Program Format and CE Credits
During this immersion program Participants are accompanied by the Program Leader who is a US social worker who has been visiting Cuba and studying the social welfare system for the past 5 years. We are also accompanied by the Eco Cuba Network Representative (our host in Cuba), in Cuba who is a U.S. born, practicing child psychiatrist with excellent cross-cultural knowledge of human services practices in the US and Cuba, and our guide and interpreter who also does much explaining and interpreting culture in Cuba. Times between visits are spent in dialogue about issues such as ethical practices in Cuba, which we are both hearing about and observing, cross cultural relevance of the Code of Ethics and alternative ethical frameworks, as well as conversation about socialism, practice modalities, and lessons that we could bring home. Agency and organization staff that we meet with in formal sessions are invited to accompany us to meals so that our discussions can continue in more informal times and settings.

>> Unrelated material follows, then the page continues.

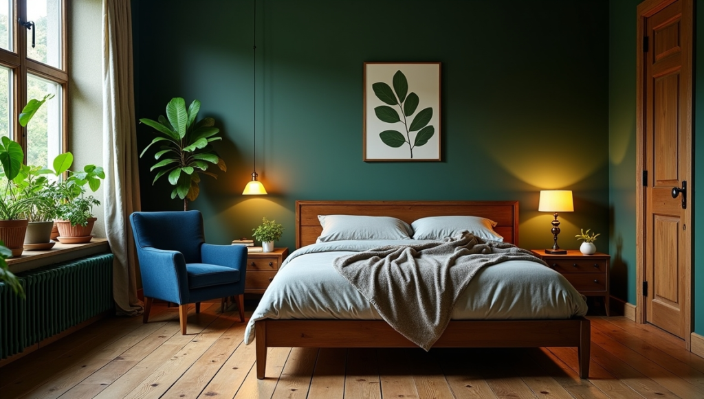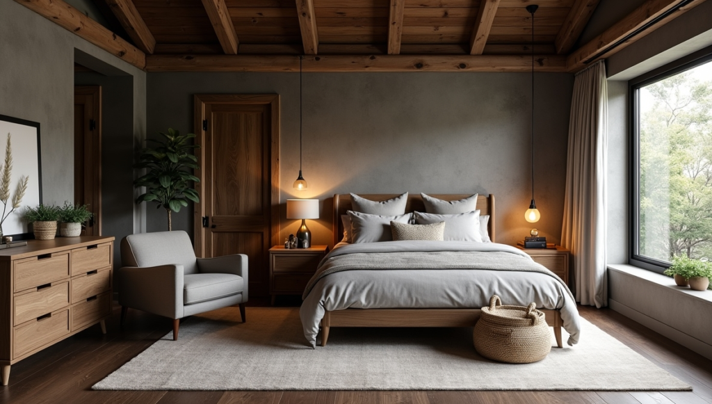 A cozy armchair in muted gray sits beside a sleek nightstand, bridging rustic and contemporary styles. Soft lighting from a minimalist pendant creates a calming atmosphere, highlighting natural wood grains and subtle decorative accents. Small potted plants and woven baskets introduce organic textures, balancing the dark tones with a fresh, airy feel. This blend ensures the room is timeless yet practical.

Relevant learning for social workers happens throughout this trip. Observing families interacting on the street or children playing in the park are instructive and give one a very real sense of the differences in family structure, relationships between people, and hierarchy in Cuban society. The visits described above each take about 2 hours of formal “classroom” time which allows this program to provide 40 CE credits for the 9 days in Cuba.